Font Size:  

“I haven’t one.” She bit off the final word. She hadn’t meant to say that. Though it was certainly true. Mama had given up the rented house where they’d once lived. “My mother and I are his dependents. He will take it all away if we defy him.”

“That’s an uncomfortable state of being.”

He said it with quiet understanding. No argument. None of the bantering that had laced their earlier conversation. Harriet looked into his dark eyes and found them full of sympathy. It felt as if he knew exactly what her situation was like and how rebellious and anxious it made her feel. She couldn’t think what to say. The silence was stretching too long. Finally, she simply nodded.

“But you know, there’s a kind of freedom in it, too,” Jack Mere added.

The tremulous moment collapsed like a soap bubble. He didn’t really understand. How could he? “For you, perhaps. You can wander and…blather and be a rogue. Do whatever you like. I cannot.”

“I’m not really…”

Harriet heard her name called. She turned toward the sound. It was her mother’s voice, which was unusual out of doors. “You must go. If my grandfather discovers you, he will have you thrown off his property.”

“Will he now?”

“Oh yes.” Harriet might have liked to annoy her grandfather. But she didn’t want to distress her mother. Wasn’t that the pinching point of her current life? She didn’t want to see Jack insulted either.

“Might you walk toward Ferrington Hall another time?” he asked.

She wanted to see him again. That was clear, though not very wise. “Perhaps.”

“I could take you to visit the Travelers’ camp.”

“Would they let me in?” Harriet was curious about these wandering people.

“If you come with me. Tomorrow, perhaps?”

“I will see. I cannot always get away.”

“Trying is all we can do,” he answered. And with a nod, he disappeared into the shrubbery. Harriet had no doubt he would not be seen if he didn’t wish to be. He seemed a man of many unusual skills. She went to see what had brought her mother out to find her.

***

Jack brooded over the deception about his name as he walked back toward the Travelers’ camp. If he’d told her he was Jack Merrill, she’d have connected him with the missing earl. If not right away, then soon. And she knew Lady Wilton was after him. Could anyone resist passing along that information? He didn’t want to find out. Such a revelation would bring his furious great-grandmother down on him and force his choices. He would have to take up the position the old lady wanted to thrust on him or leave, and he didn’t want to do either of those things just yet. So he’d lied to a girl—as smart and lively as she was beautiful—who drew him more and more. Partly, he wished he hadn’t, but his lips had literally not let him say the name.

So he’d deceived her. He’d meant no harm. He wasn’t trying to put anything over on her. Except—she seemed to like the idea of a rogue, and he was playing that role as she appeared to see it. Jack shook his head as he walked through the flowering band of woodland between Winstead and Ferrington Halls. He’d met some real rogues, and she wouldn’t have liked them. Nor would they have treated her well. The idea of young Harriet Finch chatting so artlessly with some of them made his blood run cold. Fortunately, he was not a man like that.

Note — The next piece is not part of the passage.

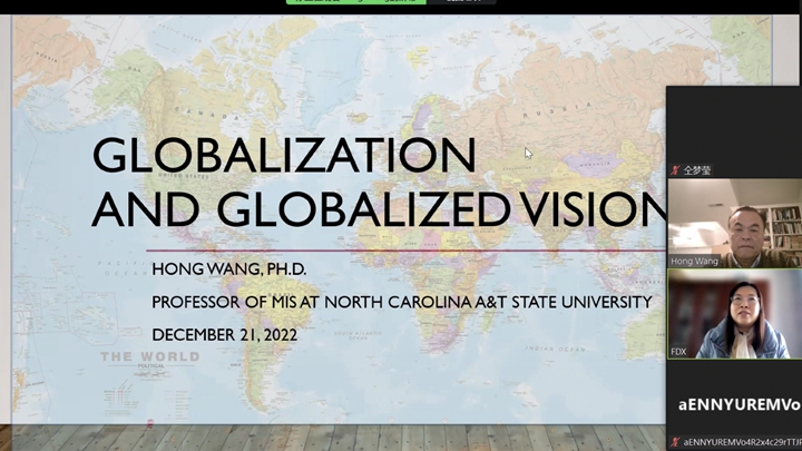 本网讯 (通讯员 仝梦莹)为培养同学们的国际化视野,12月21日上午,工商管理学院邀请美国北卡罗莱纳农工州立大学教授王红为工商管理3个实验班同学作“国际化视野与国际化教育”报告。实验班副班主任以及实验班全体同学参会,会议由该院副院长兼22级实验班班主任傅端香主持。

She didn’t come the next day, and Jack’s disappointment was sharp. But the day after that, he spied her walking along with her perpetual parasol, fresh as a daisy in a straw bonnet and a figured muslin gown. He intercepted her near the gates to Ferrington Hall and steered her away. The caretakers were in residence today. Indeed, the old man was in the kitchen garden pulling weeds.

“I couldn’t get away yesterday. My mother needed me.”

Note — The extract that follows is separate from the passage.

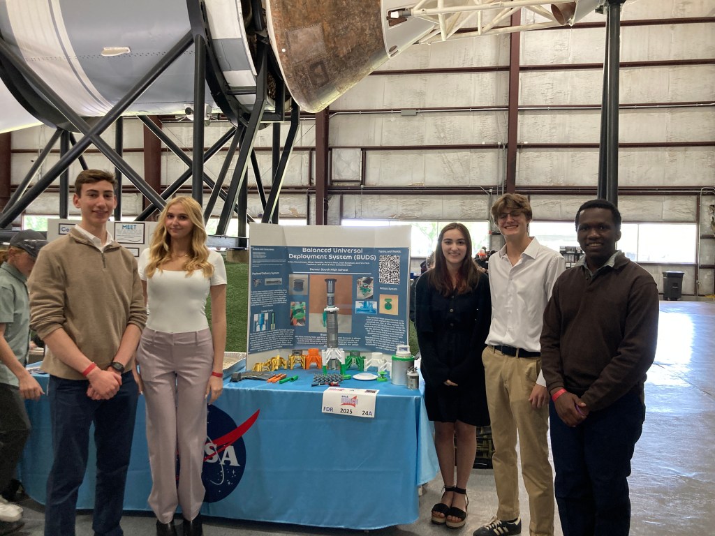 Five South High School students—Oliver Coombe, Aurora Mick, Aiden Deutchman, Joshua Buzobozi, and Vivienne Pilch—recently traveled to NASA’s Johnson Space Center in Houston, Texas, to present their innovative lunar lander project after being selected as finalists in the 2025 NASA HUNCH (High School Students United with NASA to Create Hardware) program. As part of an Engineering Career and Technical Education (CTE) class at South High, the students designed a dual-component system: a payload deployment and release mechanism and a custom landing leg built to absorb impact and stabilize on uneven lunar surfaces. The project was developed in alignment with NASA’s Artemis mission, which aims to return humans to the Moon and establish sustainable lunar exploration.
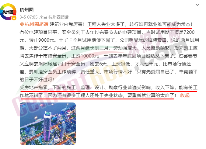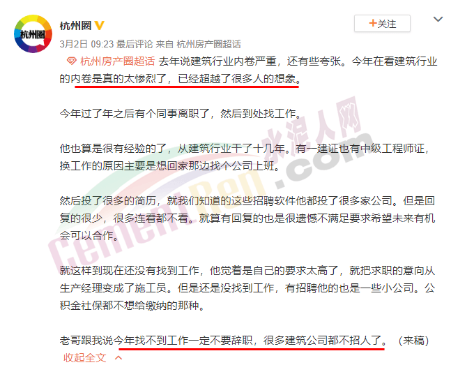 去年說建筑行業(yè)內卷嚴重,還有些夸張。今年在看建筑行業(yè)的內卷是真的太慘烈了,已經超越了很多人的想象。今年過了年之后有個同事離職了,然后到處找工作。

Her expression implied tribulations. “She’s not ill, I hope?”

“No. Not…really. She’s anxious, and sometimes it…gets the better of her.”

The strain in her voice suggested this was an understatement. Jack didn’t know what to say. He settled on, “I’m sorry to hear that.”

“She’ll improve with time.”

This sounded more like a hope than a certainty.

“Are we going to visit the Travelers’ camp?”

In other words, she was finished with the previous subject. As she had every right to be. “We’re on the way,” Jack replied. He led her along the wall around the gardens. “I wanted to tell you that Mere is not my real name.”

“No? Is it a nom de rogue?”

“Eh?” She’d taken this admission more easily than he expected.